= Beginning of Section =

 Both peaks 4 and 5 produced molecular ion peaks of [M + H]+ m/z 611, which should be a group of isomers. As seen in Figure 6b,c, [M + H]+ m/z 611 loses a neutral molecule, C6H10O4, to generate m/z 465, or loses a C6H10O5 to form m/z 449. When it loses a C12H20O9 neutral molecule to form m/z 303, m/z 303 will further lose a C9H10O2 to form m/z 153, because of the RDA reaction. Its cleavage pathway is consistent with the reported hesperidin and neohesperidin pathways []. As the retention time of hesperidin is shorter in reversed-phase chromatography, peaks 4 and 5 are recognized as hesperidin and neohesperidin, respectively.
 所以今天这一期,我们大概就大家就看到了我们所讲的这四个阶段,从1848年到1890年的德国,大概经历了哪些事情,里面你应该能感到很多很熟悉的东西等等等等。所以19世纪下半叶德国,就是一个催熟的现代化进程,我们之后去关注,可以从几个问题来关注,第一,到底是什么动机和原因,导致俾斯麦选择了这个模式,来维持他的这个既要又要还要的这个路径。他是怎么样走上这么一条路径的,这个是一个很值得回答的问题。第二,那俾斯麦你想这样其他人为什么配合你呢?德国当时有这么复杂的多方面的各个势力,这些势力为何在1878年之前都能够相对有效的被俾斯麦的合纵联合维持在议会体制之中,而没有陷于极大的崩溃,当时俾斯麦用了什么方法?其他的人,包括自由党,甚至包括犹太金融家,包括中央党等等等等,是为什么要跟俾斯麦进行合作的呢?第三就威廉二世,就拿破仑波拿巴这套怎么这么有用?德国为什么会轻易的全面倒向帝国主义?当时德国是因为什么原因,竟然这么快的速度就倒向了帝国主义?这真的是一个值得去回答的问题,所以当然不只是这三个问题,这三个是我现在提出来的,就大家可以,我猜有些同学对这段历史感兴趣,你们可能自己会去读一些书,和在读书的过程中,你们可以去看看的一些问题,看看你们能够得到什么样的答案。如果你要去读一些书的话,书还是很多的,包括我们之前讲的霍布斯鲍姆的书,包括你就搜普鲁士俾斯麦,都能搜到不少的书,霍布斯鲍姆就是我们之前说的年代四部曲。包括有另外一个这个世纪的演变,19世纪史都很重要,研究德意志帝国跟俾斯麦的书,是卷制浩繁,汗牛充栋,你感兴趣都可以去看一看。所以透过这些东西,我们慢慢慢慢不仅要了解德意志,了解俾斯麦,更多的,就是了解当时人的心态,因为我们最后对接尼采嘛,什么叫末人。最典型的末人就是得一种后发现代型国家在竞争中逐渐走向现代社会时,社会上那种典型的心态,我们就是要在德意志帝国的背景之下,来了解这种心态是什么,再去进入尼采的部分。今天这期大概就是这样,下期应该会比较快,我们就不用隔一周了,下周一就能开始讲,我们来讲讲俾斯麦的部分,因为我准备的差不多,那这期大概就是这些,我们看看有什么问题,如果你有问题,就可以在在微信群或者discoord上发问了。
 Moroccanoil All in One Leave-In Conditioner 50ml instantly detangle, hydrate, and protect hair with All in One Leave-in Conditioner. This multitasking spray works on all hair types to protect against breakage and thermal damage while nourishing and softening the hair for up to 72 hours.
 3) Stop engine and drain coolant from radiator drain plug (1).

= End of Section =
= Beginning of Section =

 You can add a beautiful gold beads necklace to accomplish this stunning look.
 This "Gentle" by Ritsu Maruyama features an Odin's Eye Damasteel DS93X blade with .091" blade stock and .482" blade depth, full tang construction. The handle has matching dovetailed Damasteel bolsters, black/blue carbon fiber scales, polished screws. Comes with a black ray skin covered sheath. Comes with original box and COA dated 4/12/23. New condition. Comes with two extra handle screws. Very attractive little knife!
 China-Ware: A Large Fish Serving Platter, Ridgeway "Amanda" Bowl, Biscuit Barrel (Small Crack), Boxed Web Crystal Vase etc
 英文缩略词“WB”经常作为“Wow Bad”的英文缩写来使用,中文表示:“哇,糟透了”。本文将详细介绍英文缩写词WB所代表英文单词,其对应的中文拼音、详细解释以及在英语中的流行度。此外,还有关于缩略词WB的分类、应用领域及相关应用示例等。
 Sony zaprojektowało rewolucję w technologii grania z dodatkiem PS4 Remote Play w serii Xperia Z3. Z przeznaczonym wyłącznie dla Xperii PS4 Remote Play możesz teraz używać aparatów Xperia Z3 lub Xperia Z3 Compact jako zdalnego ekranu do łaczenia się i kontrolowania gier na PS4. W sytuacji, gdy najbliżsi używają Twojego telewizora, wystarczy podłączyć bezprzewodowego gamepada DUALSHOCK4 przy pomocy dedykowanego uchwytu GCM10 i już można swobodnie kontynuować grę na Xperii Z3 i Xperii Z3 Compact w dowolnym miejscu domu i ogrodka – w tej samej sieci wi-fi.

= End of Section =
= Beginning of Section =

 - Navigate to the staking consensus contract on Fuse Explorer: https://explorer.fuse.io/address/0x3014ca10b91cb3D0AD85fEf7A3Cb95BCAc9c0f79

= End of Section =

WHAT THE EXERCISE ASKS: List every line above that holds the word "with".

ANSWER BOX:
 Both peaks 4 and 5 produced molecular ion peaks of [M + H]+ m/z 611, which should be a group of isomers. As seen in Figure 6b,c, [M + H]+ m/z 611 loses a neutral molecule, C6H10O4, to generate m/z 465, or loses a C6H10O5 to form m/z 449. When it loses a C12H20O9 neutral molecule to form m/z 303, m/z 303 will further lose a C9H10O2 to form m/z 153, because of the RDA reaction. Its cleavage pathway is consistent with the reported hesperidin and neohesperidin pathways []. As the retention time of hesperidin is shorter in reversed-phase chromatography, peaks 4 and 5 are recognized as hesperidin and neohesperidin, respectively.
 Moroccanoil All in One Leave-In Conditioner 50ml instantly detangle, hydrate, and protect hair with All in One Leave-in Conditioner. This multitasking spray works on all hair types to protect against breakage and thermal damage while nourishing and softening the hair for up to 72 hours.
 This "Gentle" by Ritsu Maruyama features an Odin's Eye Damasteel DS93X blade with .091" blade stock and .482" blade depth, full tang construction. The handle has matching dovetailed Damasteel bolsters, black/blue carbon fiber scales, polished screws. Comes with a black ray skin covered sheath. Comes with original box and COA dated 4/12/23. New condition. Comes with two extra handle screws. Very attractive little knife!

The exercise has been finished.